6.2 Évidences chez l’humain

Le lien entre le retour de la marche et la DN chez l’humain à la suite d’une LM est encore, à l’heure actuelle, peu étudié. Cela vient principalement du fait que, dans les études cliniques mesurant les effets d’un entrainement locomoteur sur la récupération à la marche, la douleur est souvent considérée comme un paramètre à part, et souvent même, les participants ayant de la douleur sont exclus de ces études (Mercier et al., 2017). Il existe toutefois des évidences en faveur d’une interaction motricité-douleur, mais celles-ci sont plus limitées.

6.2.1 Effet de la douleur sur la motricité

L’effet de la douleur sur le patron locomoteur a été investigué de nombreuses fois, mettant en avant des changements au niveau de l’activation musculaire et au niveau biomécanique, affectant la qualité du patron locomoteur (Hodges & Tucker, 2011; Bank et al., 2013). Toutefois, ces études se concentrent principalement sur l’effet d’une douleur nociceptive et non neuropathique. Une étude récente s’est intéressée à mesurer les effets d’une douleur expérimentale cutanée (mimant les effets d’une DN) sur l’apprentissage moteur à la marche. Les résultats ont montré que la douleur n’influençait pas la performance motrice lors de la tâche au jour 1, mais influençait la performance au jour 2, ce qui démontre l’impact de la douleur sur la rétention d’une tâche locomotrice (Bouffard et al., 2014).

D’autres études ont mesuré l’effet d’une DN sur l’excitabilité des circuits moteurs.
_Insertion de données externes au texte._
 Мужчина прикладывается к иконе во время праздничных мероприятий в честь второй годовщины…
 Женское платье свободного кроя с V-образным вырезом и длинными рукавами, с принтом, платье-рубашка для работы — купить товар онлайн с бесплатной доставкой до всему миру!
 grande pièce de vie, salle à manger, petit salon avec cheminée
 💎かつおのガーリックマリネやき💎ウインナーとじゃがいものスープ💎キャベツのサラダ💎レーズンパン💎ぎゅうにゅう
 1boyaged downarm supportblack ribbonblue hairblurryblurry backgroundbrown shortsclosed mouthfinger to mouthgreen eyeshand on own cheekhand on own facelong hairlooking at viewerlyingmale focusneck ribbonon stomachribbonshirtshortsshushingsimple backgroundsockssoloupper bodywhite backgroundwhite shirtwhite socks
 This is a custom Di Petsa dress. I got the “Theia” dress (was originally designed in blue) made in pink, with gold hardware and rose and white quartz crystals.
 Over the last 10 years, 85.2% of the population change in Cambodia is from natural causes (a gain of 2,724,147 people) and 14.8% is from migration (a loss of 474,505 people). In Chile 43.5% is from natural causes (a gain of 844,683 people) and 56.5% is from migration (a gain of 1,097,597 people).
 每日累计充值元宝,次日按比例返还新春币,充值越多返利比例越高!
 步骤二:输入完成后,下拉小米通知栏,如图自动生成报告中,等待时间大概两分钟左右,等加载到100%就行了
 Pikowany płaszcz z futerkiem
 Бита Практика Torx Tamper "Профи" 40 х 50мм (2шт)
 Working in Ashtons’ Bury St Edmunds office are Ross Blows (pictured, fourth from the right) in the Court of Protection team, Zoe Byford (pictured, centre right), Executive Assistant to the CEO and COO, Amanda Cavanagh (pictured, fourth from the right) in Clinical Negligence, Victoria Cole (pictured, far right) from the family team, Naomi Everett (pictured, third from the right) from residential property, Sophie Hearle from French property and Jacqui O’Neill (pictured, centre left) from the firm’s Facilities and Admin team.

Les résultats indiquent une diminution de l’amplitude des MEPs pour les muscles ayant reçu la douleur, ce qui montre une inhibition des circuits moteur en présence de DN (Farina et al., 2001; Le Pera et

al., 2001).

Ces études montrent que les mécanismes sous-jacents à la douleur et à la motricité partagent des circuits aussi au niveau cortical, et montrent l’effet négatif de la douleur sur la motricité.

6.2.2 Effet de la motricité sur la douleur

Il est généralement bien connu que les exercices physiques ont un effet positif sur la douleur chronique (O'Connor et al., 2015), principalement dû à un effet analgésique (Koltyn, 2000). L’effet bénéfique d’un entrainement sur la DN à la suite d’une LM a été montré lors de rapports de cas. En effet, il a mesuré que des individus ayant une LM complète avait une diminution du niveau de DN à la suite d’un entrainement moteur impliquant un ergomètre (Norrbrink et al., 2012) ou d’un entrainement impliquant l’utilisation d’un exosquelette (Kressler et al., 2014; Cruciger et al., 2016). Des résultats similaires menant aux mêmes conclusions ont aussi été observés à la suite d’un entrainement avec exosquelette, mais à la suite d’une LMi cette fois-ci (Labruyere & van Hedel, 2014).

D’autres études ont mesuré les effets de la TDCS ou de la rTMS sur le niveau de DN dans différentes populations, dont les personnes ayant une LM. Les résultats indiquent qu’il est possible de diminuer le niveau de douleur à la suite de plusieurs sessions stimulant M1, indiquant encore une fois le lien entre les circuits moteurs et nociceptifs (Fregni et al., 2006; Lefaucheur, 2006).

Considérant les interactions présentes entre les mécanismes de douleur et de motricité, il est nécessaire, pour de futures études, de prendre en compte ces deux aspects lors de la réadaptation à la suite d’une LM. Cela permettrait de davantage comprendre les mécanismes impliqués, mais aussi d’offrir de nouvelles opportunités en ce qui concerne le traitement de la DN (Nees et al., 2017).